Abstract

Decolonizing Democracy takes part in a tradition of writing in which the relationship between metropole and colony is reversed and the colonial context has far more to tell the colonizer than the other way around. In this case, Ricardo Sanín-Restrepo argues that colonization is not merely an aspect or effect of sovereignty but its basis even when there are no traces of formal colonization. Much of this book is a critique of a particular left (and, I would add, Italian) tradition of thinking championed by figures like Agamben and Negri. For these writers, the solution to the oppressions of sovereignty and capitalism lies in backing away from potestas, that is to say from actual immanent forms of power, and turning instead to potentia, to a power not to be and not to do (hence Agamben’s interest in the figure of Melville’s Bartleby and his statement that “I would prefer not to”). Agamben’s preference for “inoperativity” and Negri’s interest in Spinoza as offering an alternative to potestas are two examples of this kind of thinking. For Sanín-Restrepo, such a perspective exposes the European – and hence colonizing – bias of these thinkers (143). To think this way, Sanín-Restrepo argues, is to ignore the way that coloniality is the true face of sovereignty, the way that power as potestas is inescapable and undeniable, not something that can be avoided or annulled. Sanín-Restrepo brings a Latin American perspective to the question of sovereign power, a view that understands the deep and long roots of colonialism and the way colonialism is insinuated not only in the colonies but in the colonizing nations as well. He argues that so long as we hold on to the possibility of escaping sovereignty as such, we remain effectively cut off from what is actually occurring in the political and social world. (This claim is quite paradoxical insofar as such actuality is the stated object of Agamben and Negri’s – and, by extension, Spinoza’s as well – theorization.) To hold on to the possibility of escaping sovereignty also means we allow sovereignty and its colonial principles to go unchecked and unchallenged.

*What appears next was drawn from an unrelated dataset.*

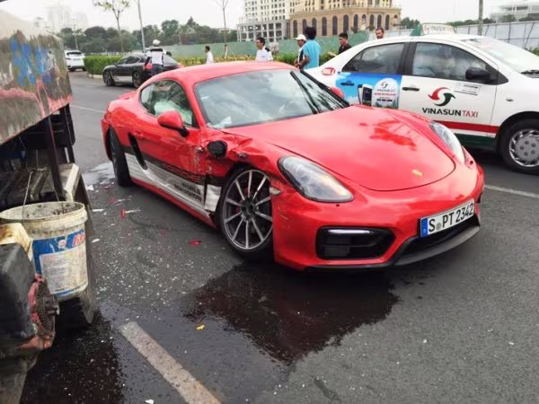 Vụ việc xảy ra chiều 26/3, trong chương trình lái thử các dòng siêu xe Porsche ở TP.HCM, chiếc xe gặp nạn là Porsche Cayman GTS do 1 người đàn ông người cầm lái.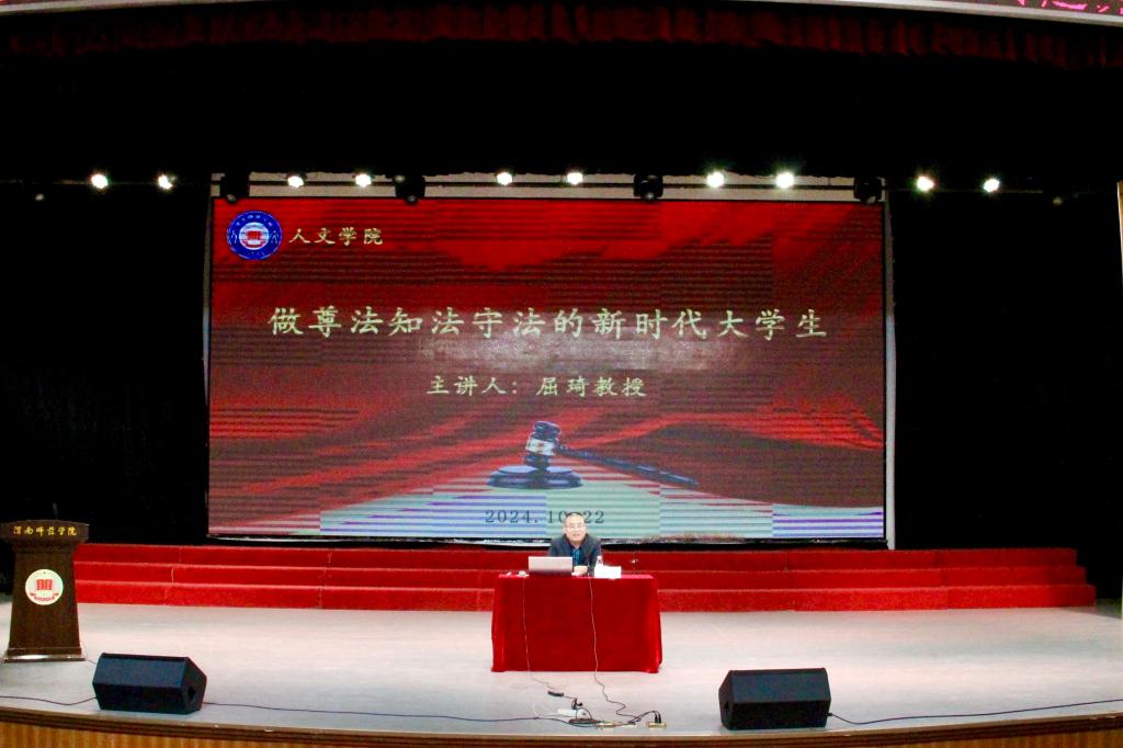 10月22日晚,人文学院在陶然楼演艺厅举办了题为“做尊法知法守法的新时代大学生”专题讲座,特邀太阳官网法学专家屈琦教授做主讲嘉宾。人文学院党总支副书记、副院长王昱,新生辅导员孟子祥、王雪以及全体2024级新生参加讲座。

For Sanín-Restrepo, many of the basic building blocks of Agamben and Negri’s thinking fail to incorporate the colonial perspective. For example, the desire to redeem life as zoe, as immanent and local, is interfered with by the failure to note that prior to being alive, bodies under conditions of sovereignty and coloniality are raced. If race is prior to life then the attempt to recoup life as such cannot succeed. Similarly and relatedly, Sanín-Restrepo opposes Negri’s “multitude,” which Negri takes from Hobbes, with his own concept of the “hidden people.” Formally, the multitude takes advantage of its own internal diversity as a way to resist false organizations of the people, making them markers of nation and state. Yet, for Sanín-Restrepo “the multitude” presupposes the very unity that it challenges. He tells us that for Negri “what is demanded of the singularity [that is, one of the individuals who collectively compose the multitude] in order to be held as part of the multitude is a qualification of her difference beyond difference itself” (158). In other words, for all of Negri’s commitment to difference, human variety is nonetheless folded into a kind of unity (“the multitude” itself) so that “the singular must already possess what is said to be the exclusive trait of the multitude [that is, totality]!” (159).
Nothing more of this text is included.